Default route goes missing needs to be added manually to resolve



  • This is the second time it has happened since Dec 13 2017, running version 2.4.2-RELEASE-p1 and I think on Dec 13th the version was 2.4.1 or something, I forget.

    Here's our basic config:
    WAN is on a static where we have 3 IPs from our ISP. This gateway is marked as default.
    OPT1 is on DHCP where I force user workstations through on: Floating Rule, LAN Rule, NAT Outbound Rule.

    When our ISP does funky stuff at night and OPT1 decides it's getting a new DHCP (same IP though, just a reset it seems) then our default gateway perhaps goes down, I don't know, but what I do know is I get back into the office and "The sky is falling!" so I check out our interfaces and they show as 0% packet loss Online. I SSH into the firewall and I ping 8.8.8.8 and everything is happy. I ping google.ca and "No route found". I run a netstat -rn and find that there's no default gateway. I then have to run: route add default 184.71.xxx.xxx our default static gateway and everything works.

    I was on the system until roughly 12:30AM through VPN, everything was working fine then, including outbound HTTP/S requests and remote backups. I received a report from staff at 6:30AM that the office internet was down.

    I don't feel like it should matter what my ISP is doing, though. When WAN is Online and using a Static Gateway that is marked as Default, that route should not go missing. I feel that I should never have to manually add a default route under any circumstance. That said, apparently I do need to, which I find to be extremely frustrating. So it seems to me that my options are to: wait for a bug fix, create a job that checks for default route every x minutes and adds it if it's missing, or maybe sell the SG-4860-1U and change platforms since this unit has other issues too (if the power goes out I give this unit a 50%~75% chance of starting without incident requiring direct console access to resolve).
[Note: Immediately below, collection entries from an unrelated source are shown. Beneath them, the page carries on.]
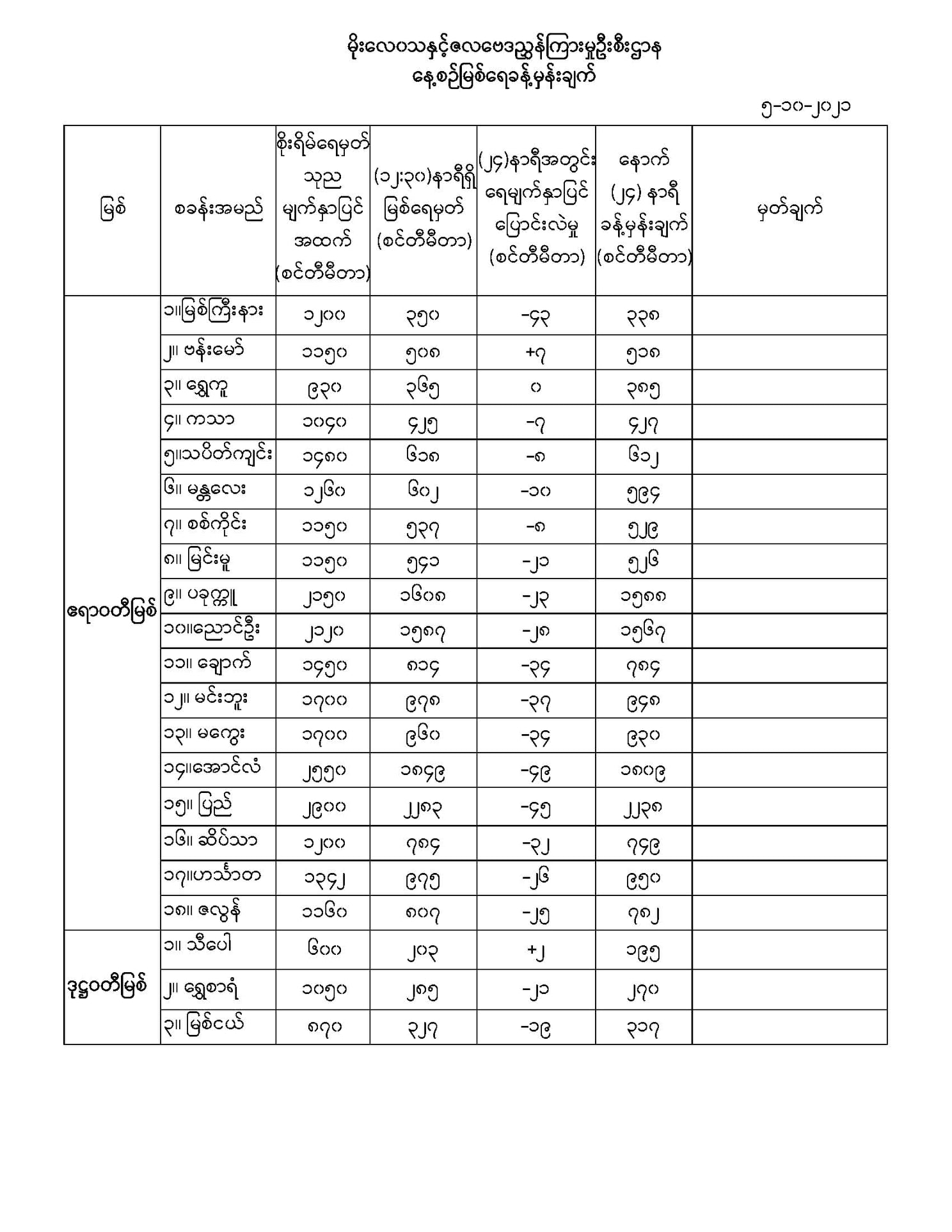 Oct 5,2021 |02:30 | အောက်တိုဘာ ၅ မိုးလေဝသနှင့် ဇလဗေဒညွှန်ကြားမှုဦးစီးဌာနမှ (၅.၁၀.၂၀၂၁) ရက်နေ့တွင် ထုတ်ပြန်သည့် နေ့စဉ်မြစ်ရေခန့်မှန်းချက်များကို အောက်ပါအတိုင်း ဖော်ပြထားပါတယ်... Crd>>>မိုး/ဇလ
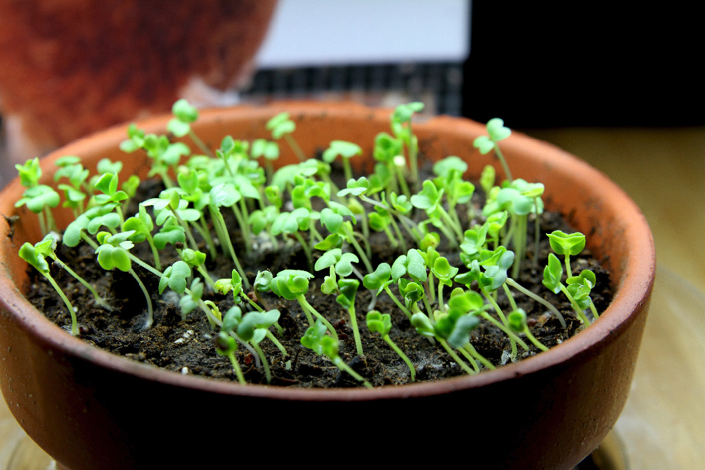 The first attempt in a sunny window started stretching toward the light and clearly lacked enough sun to grown properly:
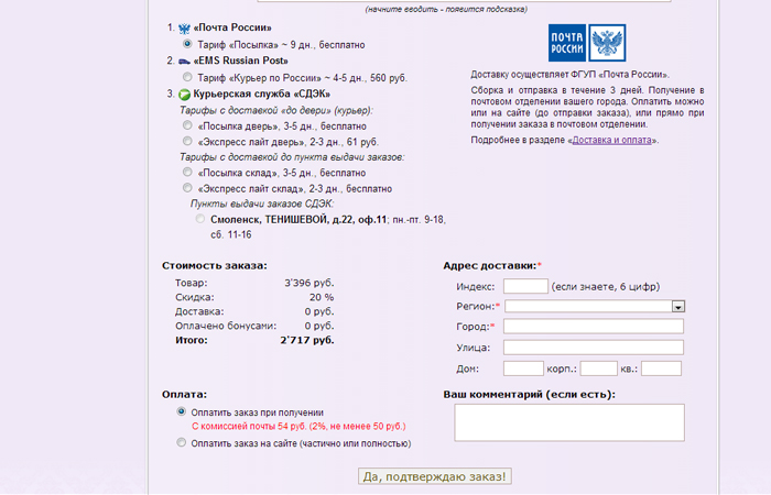 Даллее вводим СПОСОБ ДОСТАВКИ.. ИНДЕКС... РЕГИОН..ГОРОД..УЛИЦУ.. ДОМ...КВАРТИРУ и нажимаете ПОДТВЕРЖДЕНИЕ ЗАКАЗА..
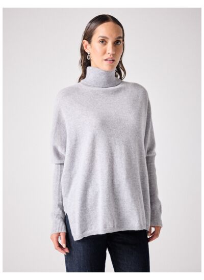 Pull poncho femme en cachemire 2 fils 12GG, col roulé, manches longues côtelés
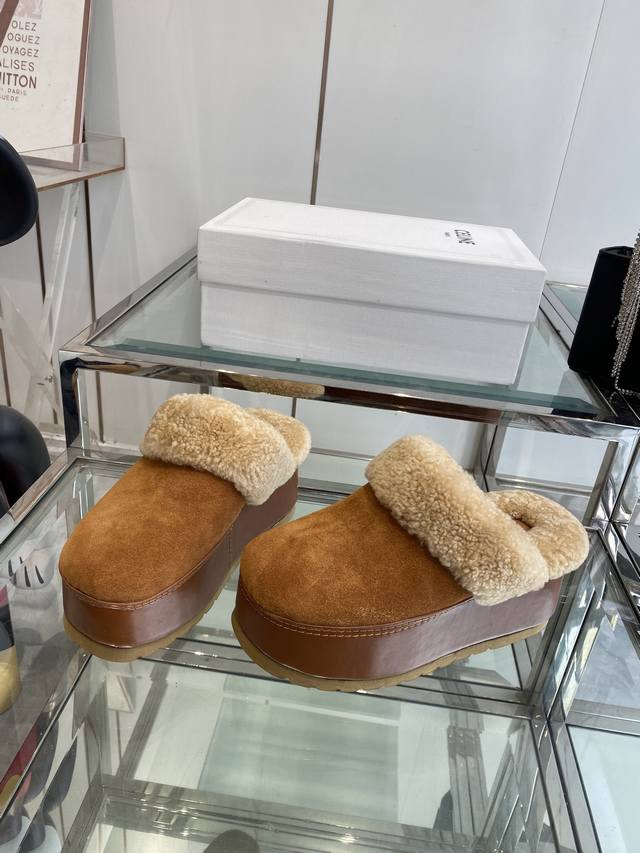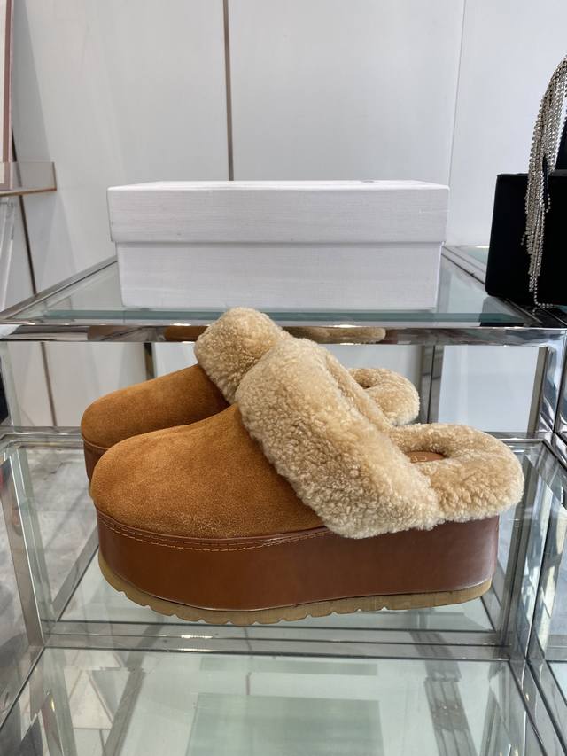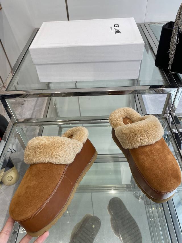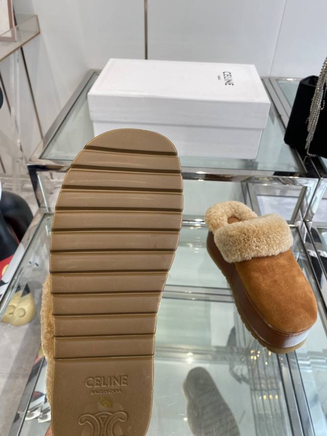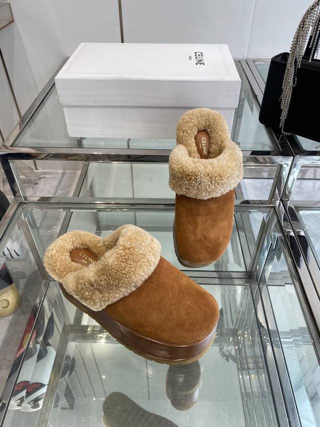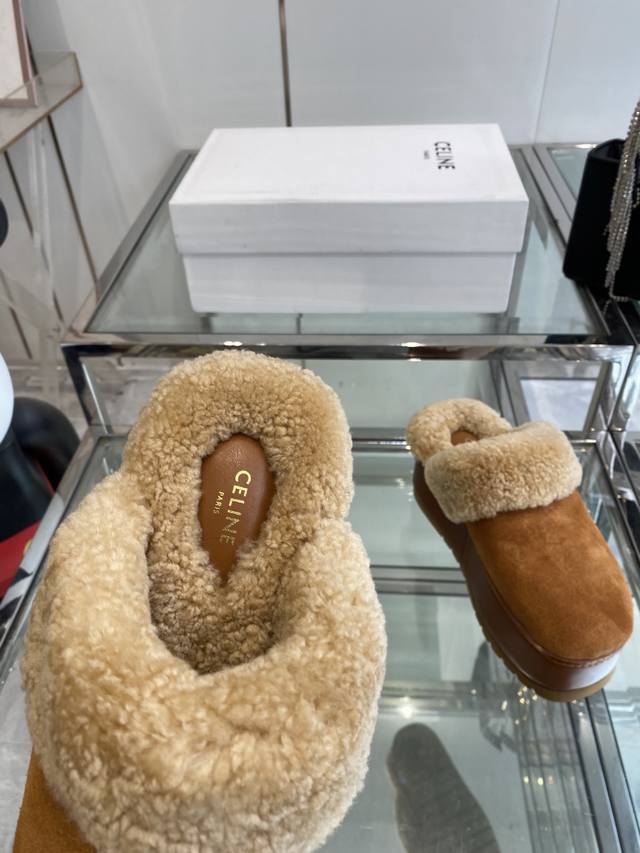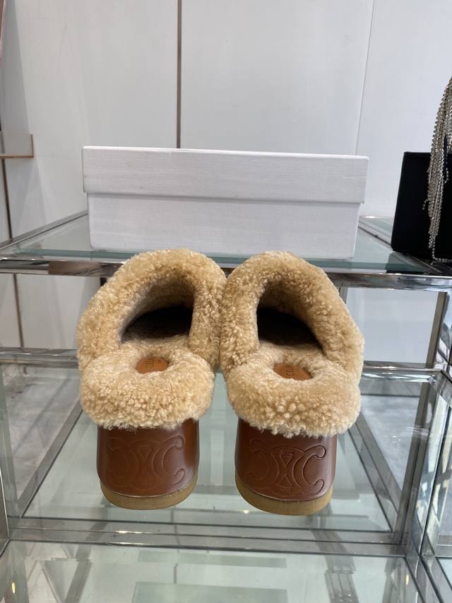 Celine 25Ss Fall/Winter New Thick-Soled Wool Closed-Toe Slippers
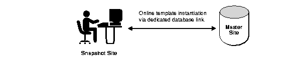 One of the benefits of online instantiation is that the data subset is current as of the instantiation process. This data currency, however, comes at a cost. Online instantiation requires a "live" connection between the snapshot and master sites, which, depending on the size of the snapshot environment created, may increase network traffic.
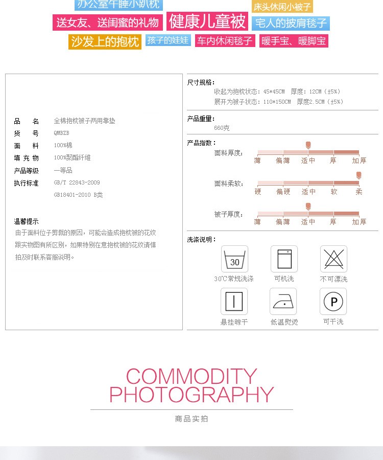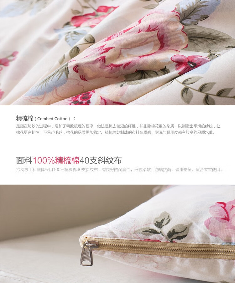商品名称:恒源祥 牡丹花全棉靠垫被TDK1001-1 45*45 110*140 6941204314897
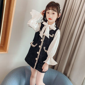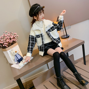 女童小香风粗花呢大衣秋季新款韩版儿童假两件洋气拼接...

    In the /var/log/system.log I see the following: (somewhere in all of that something deletes the default route and does not re-add it)
    Jan  4 00:05:34 pf check_reload_status: Syncing firewall
    Jan  4 01:00:00 pf php: [pfBlockerNG] Starting cron process.
    Jan  4 01:00:01 pf php: [pfBlockerNG] No changes to Firewall rules, skipping Filter Reload
    Jan  4 02:00:00 pf php: [pfBlockerNG] Starting cron process.
    Jan  4 02:00:01 pf php: [pfBlockerNG] No changes to Firewall rules, skipping Filter Reload
    Jan  4 03:00:00 pf php: [pfBlockerNG] Starting cron process.
    Jan  4 03:00:01 pf php: [pfBlockerNG] No changes to Firewall rules, skipping Filter Reload
    Jan  4 04:00:00 pf php: [pfBlockerNG] Starting cron process.
    Jan  4 04:00:01 pf php: [pfBlockerNG] No changes to Firewall rules, skipping Filter Reload
    Jan  4 04:54:39 pf rc.gateway_alarm[46502]: >>> Gateway alarm: WANGW (Addr:184.xxx.xxx.xxx Alarm:1 RTT:12160ms RTTsd:2512ms Loss:21%)
    Jan  4 04:54:39 pf check_reload_status: updating dyndns WANGW
    Jan  4 04:54:39 pf check_reload_status: Restarting ipsec tunnels
    Jan  4 04:54:39 pf check_reload_status: Restarting OpenVPN tunnels/interfaces
    Jan  4 04:54:39 pf check_reload_status: Reloading filter
    Jan  4 04:54:39 pf rc.gateway_alarm[47393]: >>> Gateway alarm: OPT1_DHCP (Addr:yyy.yyy.yyy.yyy Alarm:1 RTT:11775ms RTTsd:3302ms Loss:21%)
    Jan  4 04:54:39 pf check_reload_status: updating dyndns OPT1_DHCP
    Jan  4 04:54:39 pf check_reload_status: Restarting ipsec tunnels
    Jan  4 04:54:39 pf check_reload_status: Restarting OpenVPN tunnels/interfaces
    Jan  4 04:54:39 pf check_reload_status: Reloading filter
    Jan  4 04:54:41 pf php-fpm[47853]: /rc.openvpn: OpenVPN: One or more OpenVPN tunnel endpoints may have changed its IP. Reloading endpoints that may use WANGW.
    Jan  4 04:54:42 pf php-fpm[49049]: /rc.openvpn: OpenVPN: One or more OpenVPN tunnel endpoints may have changed its IP. Reloading endpoints that may use OPT1_DHCP.
    Jan  4 04:54:55 pf php-fpm: /rc.newipsecdns: IPSEC: One or more IPsec tunnel endpoints has changed its IP. Refreshing.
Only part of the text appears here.